**Instructions for the task**
Without the images, output each record below as it stands.

[Opening Input material section]

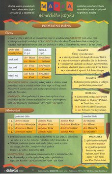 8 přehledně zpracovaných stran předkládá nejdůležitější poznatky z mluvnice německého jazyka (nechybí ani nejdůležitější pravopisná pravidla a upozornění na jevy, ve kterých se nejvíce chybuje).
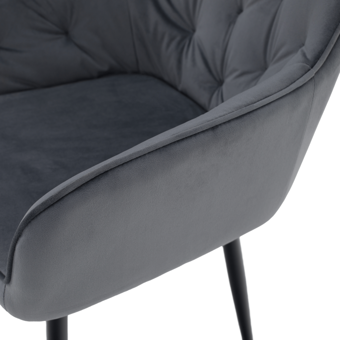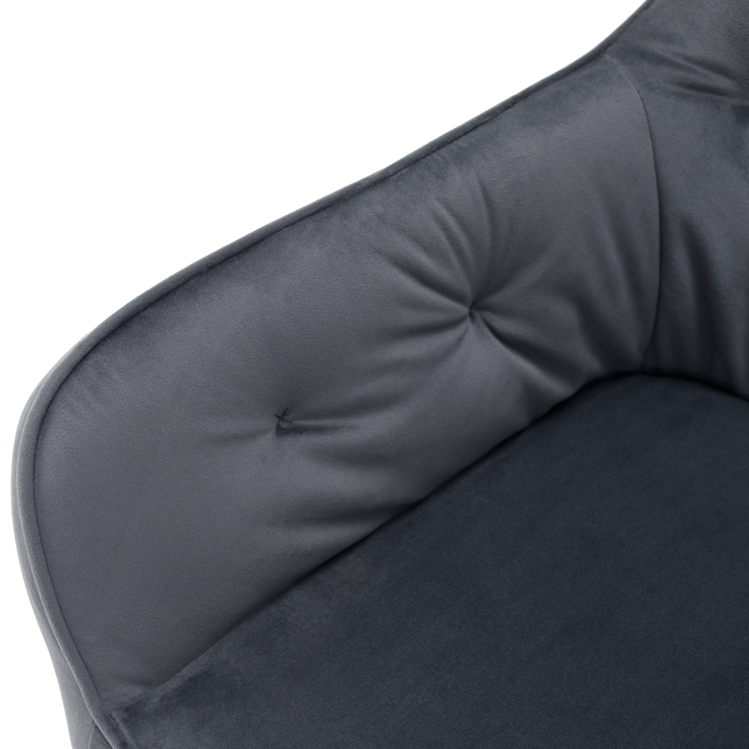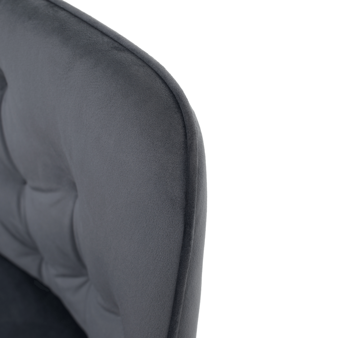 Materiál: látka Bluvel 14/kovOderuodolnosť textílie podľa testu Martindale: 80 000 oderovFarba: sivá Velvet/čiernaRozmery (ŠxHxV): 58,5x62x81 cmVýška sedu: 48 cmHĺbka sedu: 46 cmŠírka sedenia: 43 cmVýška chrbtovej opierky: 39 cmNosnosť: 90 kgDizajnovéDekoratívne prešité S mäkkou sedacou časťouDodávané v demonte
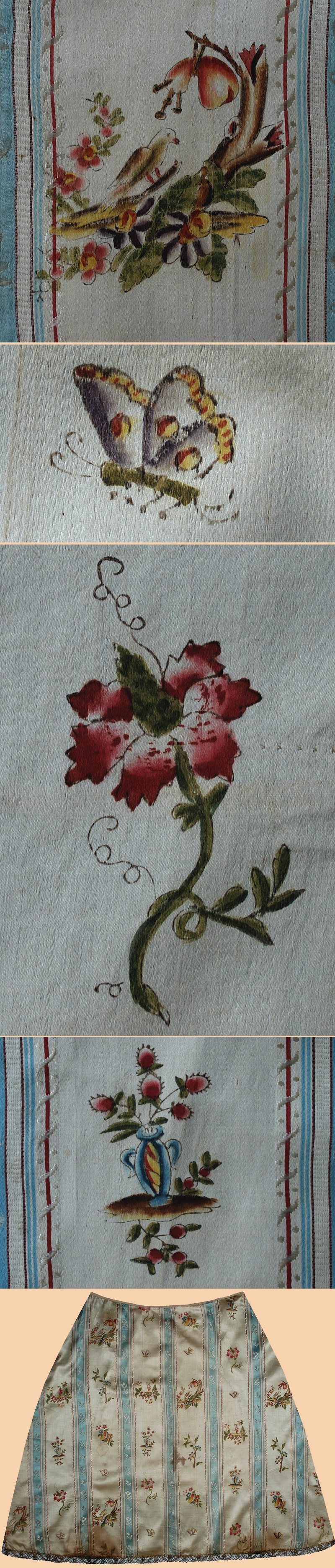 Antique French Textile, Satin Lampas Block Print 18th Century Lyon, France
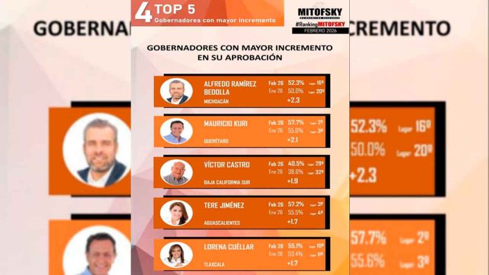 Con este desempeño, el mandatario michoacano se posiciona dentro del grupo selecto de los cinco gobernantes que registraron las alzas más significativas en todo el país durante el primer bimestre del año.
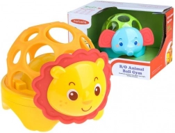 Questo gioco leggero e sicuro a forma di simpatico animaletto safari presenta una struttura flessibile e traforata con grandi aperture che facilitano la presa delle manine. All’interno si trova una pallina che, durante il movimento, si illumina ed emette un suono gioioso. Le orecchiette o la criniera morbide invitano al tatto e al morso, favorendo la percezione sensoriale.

[Closing Input material section]

**Output**
 8 přehledně zpracovaných stran předkládá nejdůležitější poznatky z mluvnice německého jazyka (nechybí ani nejdůležitější pravopisná pravidla a upozornění na jevy, ve kterých se nejvíce chybuje).
 Materiál: látka Bluvel 14/kovOderuodolnosť textílie podľa testu Martindale: 80 000 oderovFarba: sivá Velvet/čiernaRozmery (ŠxHxV): 58,5x62x81 cmVýška sedu: 48 cmHĺbka sedu: 46 cmŠírka sedenia: 43 cmVýška chrbtovej opierky: 39 cmNosnosť: 90 kgDizajnovéDekoratívne prešité S mäkkou sedacou časťouDodávané v demonte
 Antique French Textile, Satin Lampas Block Print 18th Century Lyon, France
 Con este desempeño, el mandatario michoacano se posiciona dentro del grupo selecto de los cinco gobernantes que registraron las alzas más significativas en todo el país durante el primer bimestre del año.
 Questo gioco leggero e sicuro a forma di simpatico animaletto safari presenta una struttura flessibile e traforata con grandi aperture che facilitano la presa delle manine. All’interno si trova una pallina che, durante il movimento, si illumina ed emette un suono gioioso. Le orecchiette o la criniera morbide invitano al tatto e al morso, favorendo la percezione sensoriale.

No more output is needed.